Only the lines of the listing below that run from the line with "8Core 8+64G+กล้องหลังฟรี จอ" through the line with "MONDIAZ VICA Badkamermeubelset" are to be set down, word for word. Pictures stay out.

• _Extracted entries_:
##########

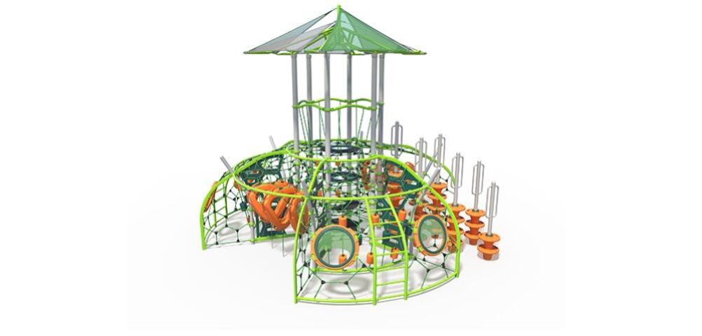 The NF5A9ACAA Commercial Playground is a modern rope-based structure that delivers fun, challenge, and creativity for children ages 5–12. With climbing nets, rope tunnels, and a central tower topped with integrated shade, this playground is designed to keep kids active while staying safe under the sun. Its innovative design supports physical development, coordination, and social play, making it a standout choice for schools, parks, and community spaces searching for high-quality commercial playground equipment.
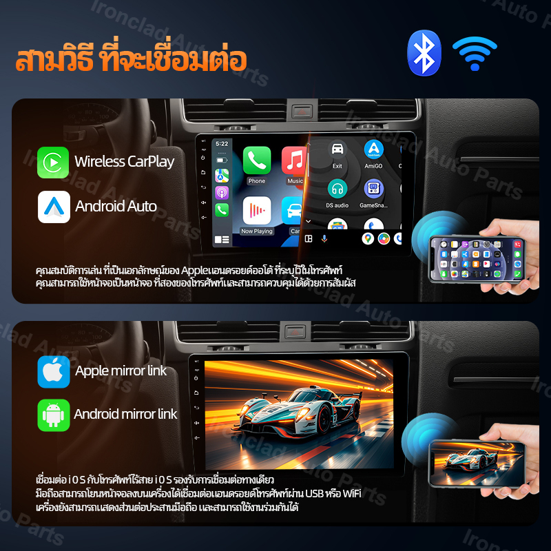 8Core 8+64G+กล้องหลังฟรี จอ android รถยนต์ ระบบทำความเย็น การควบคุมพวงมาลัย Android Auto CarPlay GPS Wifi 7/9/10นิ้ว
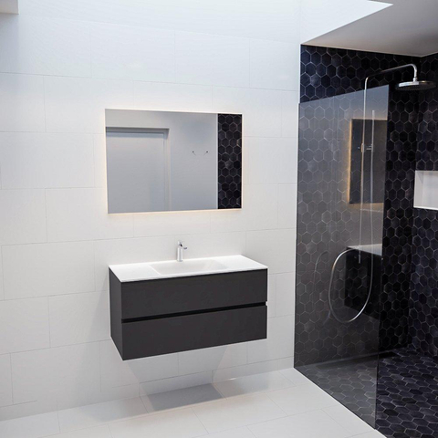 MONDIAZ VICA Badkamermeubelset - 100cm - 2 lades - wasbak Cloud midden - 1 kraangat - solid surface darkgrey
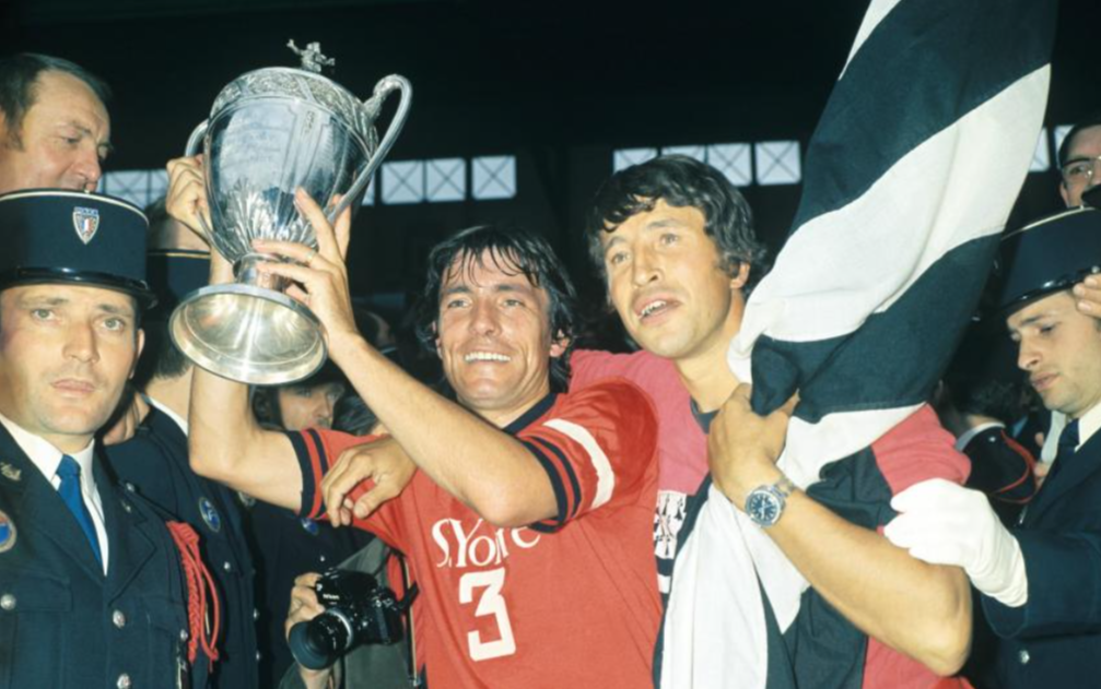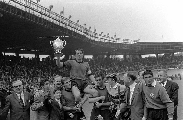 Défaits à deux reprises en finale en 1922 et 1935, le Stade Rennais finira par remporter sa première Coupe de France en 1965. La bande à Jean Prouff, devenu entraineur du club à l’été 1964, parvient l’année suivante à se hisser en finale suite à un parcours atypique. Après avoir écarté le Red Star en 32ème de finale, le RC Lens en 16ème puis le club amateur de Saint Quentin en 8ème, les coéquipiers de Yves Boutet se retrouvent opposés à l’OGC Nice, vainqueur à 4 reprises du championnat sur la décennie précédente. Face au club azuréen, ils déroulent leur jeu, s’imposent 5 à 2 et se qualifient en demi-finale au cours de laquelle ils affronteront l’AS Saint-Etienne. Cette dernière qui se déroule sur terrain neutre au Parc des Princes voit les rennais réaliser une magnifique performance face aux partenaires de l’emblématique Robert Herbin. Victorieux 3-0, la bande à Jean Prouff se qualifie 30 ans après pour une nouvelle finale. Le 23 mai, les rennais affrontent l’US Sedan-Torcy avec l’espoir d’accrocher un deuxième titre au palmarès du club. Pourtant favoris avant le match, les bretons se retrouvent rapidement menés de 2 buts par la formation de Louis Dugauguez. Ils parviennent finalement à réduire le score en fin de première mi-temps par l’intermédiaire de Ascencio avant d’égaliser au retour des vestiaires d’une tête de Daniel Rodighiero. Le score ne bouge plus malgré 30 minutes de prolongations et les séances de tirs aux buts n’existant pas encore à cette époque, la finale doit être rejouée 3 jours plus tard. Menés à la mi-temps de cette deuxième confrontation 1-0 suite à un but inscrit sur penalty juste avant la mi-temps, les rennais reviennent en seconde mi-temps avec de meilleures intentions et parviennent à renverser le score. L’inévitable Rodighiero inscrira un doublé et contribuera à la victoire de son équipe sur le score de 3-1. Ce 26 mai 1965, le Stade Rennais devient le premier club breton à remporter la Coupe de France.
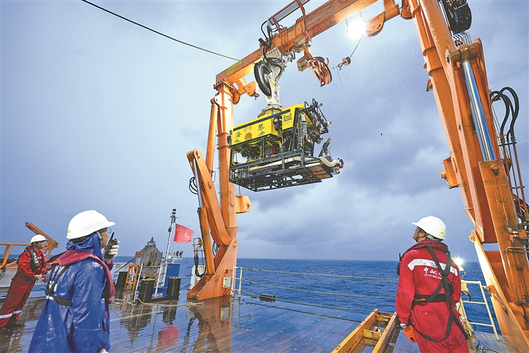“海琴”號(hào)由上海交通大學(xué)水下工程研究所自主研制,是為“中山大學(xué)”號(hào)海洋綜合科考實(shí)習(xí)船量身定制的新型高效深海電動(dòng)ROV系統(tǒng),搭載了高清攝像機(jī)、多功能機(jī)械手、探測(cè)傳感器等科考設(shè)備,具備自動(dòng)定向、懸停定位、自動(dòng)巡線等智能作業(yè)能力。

##########

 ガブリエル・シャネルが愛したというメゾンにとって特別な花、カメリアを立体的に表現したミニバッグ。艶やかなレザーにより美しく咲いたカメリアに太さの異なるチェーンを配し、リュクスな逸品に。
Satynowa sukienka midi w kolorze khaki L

##########

• _Exercise output_:
 8Core 8+64G+กล้องหลังฟรี จอ android รถยนต์ ระบบทำความเย็น การควบคุมพวงมาลัย Android Auto CarPlay GPS Wifi 7/9/10นิ้ว
 MONDIAZ VICA Badkamermeubelset - 100cm - 2 lades - wasbak Cloud midden - 1 kraangat - solid surface darkgrey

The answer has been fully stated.